25. Akt
Auf dem Weg zum Frühstück stelle ich fest, dass die Wände zwar
frisch gestrichen aussehen, aber doch irgendwie schattig wirken.
Beinahe feucht. Ich widerstehe dem Impuls dem weiter nachzugehen.
Manchmal ist ignorieren die beste Methode sich nicht den Tag zu
versauen. Heute soll es mir egal sein. Heute muss ich einkaufen. Ich
brauche neue Arbeitskleidung.
Dass ich von Oberpollinger bis Beate Uhse (!) jeden Laden der
Nachtwäsche führt, auf den Kopf stellen werde, ahne ich jetzt noch
nicht.
Äh... ja... Nachtwäsche. Ich brauche einen Pyjama. Dienstlich.
In weniger als 48 Stunden habe ich eine Lesung. Und die steht unter
dem Motto „Kunst im Schlafzimmer“. Das heißt, ich lese den
geneigten Zuhörern in einer Galerie Auszüge aus meinem neuen Buch
vor. Während ich im Bett liege. Im Pyjama. Eigentlich wollte ich
ein Abendkleid anziehen, das auch prima als Nachthemd durchgeht.
Schwarz, lang, edel. Zu edel für den Inhalt des Buches. Und zu sexy
um sich darin vor 60 Leuten im Bett zu wälzen. Also muss ein Pyjama
her. Sollte ein Kinderspiel sein, denke ich. Lange Seidenhose und
Kimonoartiges Oberteil. Und dann auch noch zu einem Preis, für den
ich nicht meine Nieren verkaufen muss. Hunkemöller, Palmers,
Intimissimi und – ja auch H&M hat eine Nachtwäsche-Abteilung.
Ich bin etwas irritiert. Die letzte Verkäuferin hat versucht mir
einen hellgrauen Flanell-Plüschi-Schlafanzug in die Hand zu drücken.
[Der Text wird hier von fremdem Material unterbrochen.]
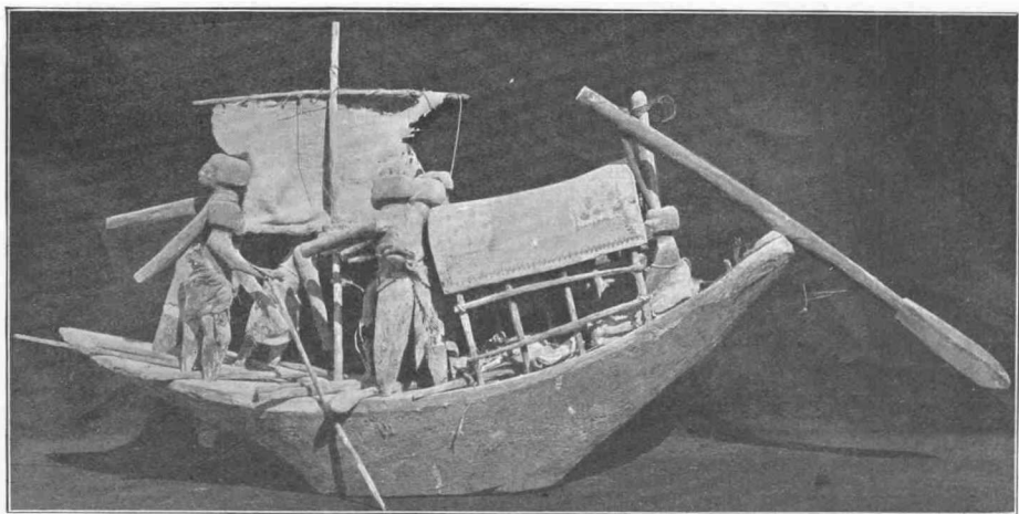
FIG. 229.—MODEL OF SAILING BOAT, WITH CANOPY. TOMB 575.

„Den müssen Sie probieren! Ganz warm und kuschelig. Und sooooooo
süüüüüüüüß!!!“
Hallo??? Hab ich mich nicht klar ausgedrückt? Lesung? Galerie?
Schwarz und Seide?
Ich bin doch keine Fünfzehnjährige, die eine gemischte Pyjama-Party
besucht. Süüüüüß ist definitiv das falsche Adjektiv, nach dem
ich suche. Für Alter, Zweck und überhaupt. Zwei Stunden später weiß ich, dass auch „sexy, aber
nicht vulgär“ verschiedentlich interpretiert wird. So ziemlich
genau alles was nach Straßenstrich oder
„Mutti-macht-auf-50-shades-of-grey“ aussieht, wird mir angeboten.
Oder eben Plüschstrampler. Und auch ein Still-Nachthemd. Weil es so
flauschig ist. Vielleicht hätte ich bei den Damen auch den Titel des
Buches nennen sollen, aus dem ich vorlesen werde. Wem bei „33
Grausamkeiten“ noch ein Baumwollstrampler mit Hasendruck einfällt.
Dem ist einfach nicht mehr zu helfen.